Конечно, дом родной он и есть дом родной, но в нем стало тесновато. Одну комнату занимает брат Боря с Людой и Владиком, а в другой — большой, но проходной — вся остальная семья. С отцом-матерью, глядишь, сжился бы сносно и в одной комнате, а вот с братом Павлуша сумеет сжиться вряд ли.

Что попивает брат, это понятно, хотя, конечно, не каждый день, — шофер, жизнь собственная тоже дорога, — а вот в пятницу как разгонится, так до воскресного утра не просыхает. Да еще и гордость его заедает — пьет только на свои, недодавая Люде основательную часть зарплаты. Да каждый день приходит домой часов в девять, хотя работа кончается в шесть, а Люде в это время изводись — до нее слухи дошли, что муж захаживает к Вале, учетчице гаража, к тому ж она бывшая подруга Люды и при встрече задевает ее взглядами победными.

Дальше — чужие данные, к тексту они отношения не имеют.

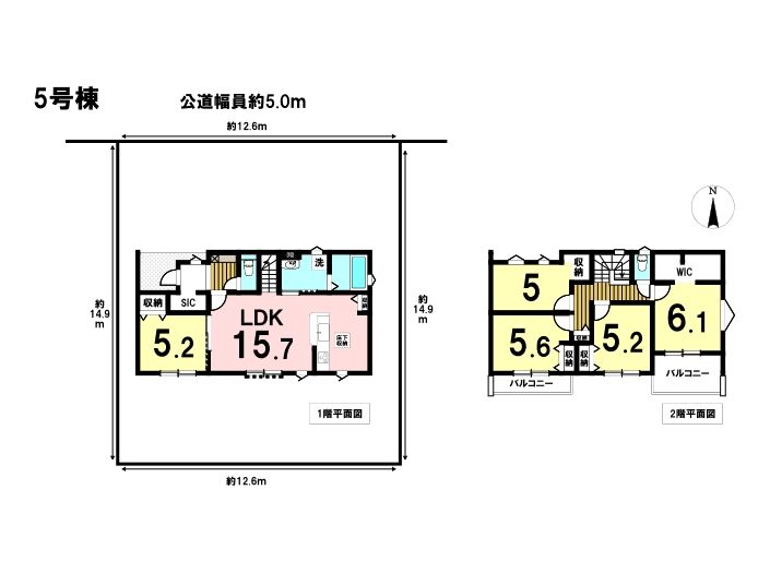 近鉄名古屋線「北楠」駅から南東方向へ徒歩約9分にある「リーブルガーデン四日市市楠町北五味塚第10」全7棟の5号棟です。2026年9月完成予定の新築一戸建てで、周辺は第2種中高層住居専用地域に該当し、中高層住宅の良好な住環境を保護するための地域と定められています。主に一戸建てやマンションなどが立ち並んでいます。楠小学校まで徒歩約6分、楠中学校まで徒歩約8分と、子育てにも安心。学校行事の際も歩いて行ける距離となっております。駅までの道のりはほぼ平坦。敷地は土地面積が約189.13㎡(約57.21坪)あり、北側幅員約5.0mの公道に約12.68m接道した整形地です。建物は木造2階建て、間取りは延床面積約106㎡の5LDK。全居室収納に加え、シューズインクロークやウォークインクローゼット、キッチンには便利な食品庫を備えています。南向きで陽当りも良好。リビング階段を採用し、ご家族のコミュニケーションも自然と増える機能的な住まいです。平日もご案内可能です、ご予約お問い合わせを心よりお待ちしております。
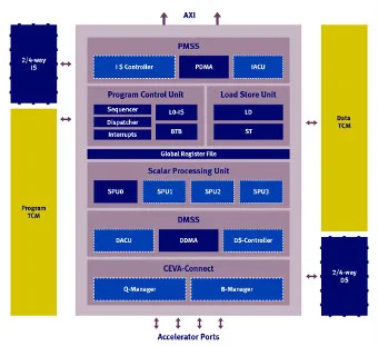 Utilizando una arquitectura VLIW/SIMD escalable, SIMD hasta 128 bits, un pipeline de longitud variable y soporte tanto para operaciones de punto flotante y sin punto flotante, la nueva arquitectura CEVA-X proporciona el doble de la potencia DSP con un consumo que es la mitad que la generación CEVA-X precedente.

А Люду Павлуше жалко — уж как она нравилась ему пять лет назад — стройная была, веселая.

Пять лет всего отлетело, а где ж та юная Люда, расплылась, не стесняется при Павлуше ходить в драном халате, волосы нечесаные, вся она нахохлившаяся.

А Владик-то все понимает, вид у пацана испуганный, к бабкиному подолу как прибьется, да так и простоял бы до сна, а Люда, вся на взводе, шпыняет его, отгоняет от бабкиных колен, не портите ребенка, мама, уже доказали, какой вы есть воспитатель, на сына старшего, к примеру, полюбуйтесь.

И что в случае таком людей держит, разлетитесь вы, братцы, в разные стороны. Но, Павлуша, я уже старая стала, я себя чувствую так, будто мне пятьдесят лет, а куда я сбегу, да еще с ребенком, если у матери одна комната и в ней младший брат с женой, а Борьке жилья не будет в ближайшие годы. Да и его мне жалко, я его хоть чуть сдерживаю, а без меня совсем пропадет. Что он болтается, это как раз ничего, не мыло — не изотрется, но только б и жену законную не забывал.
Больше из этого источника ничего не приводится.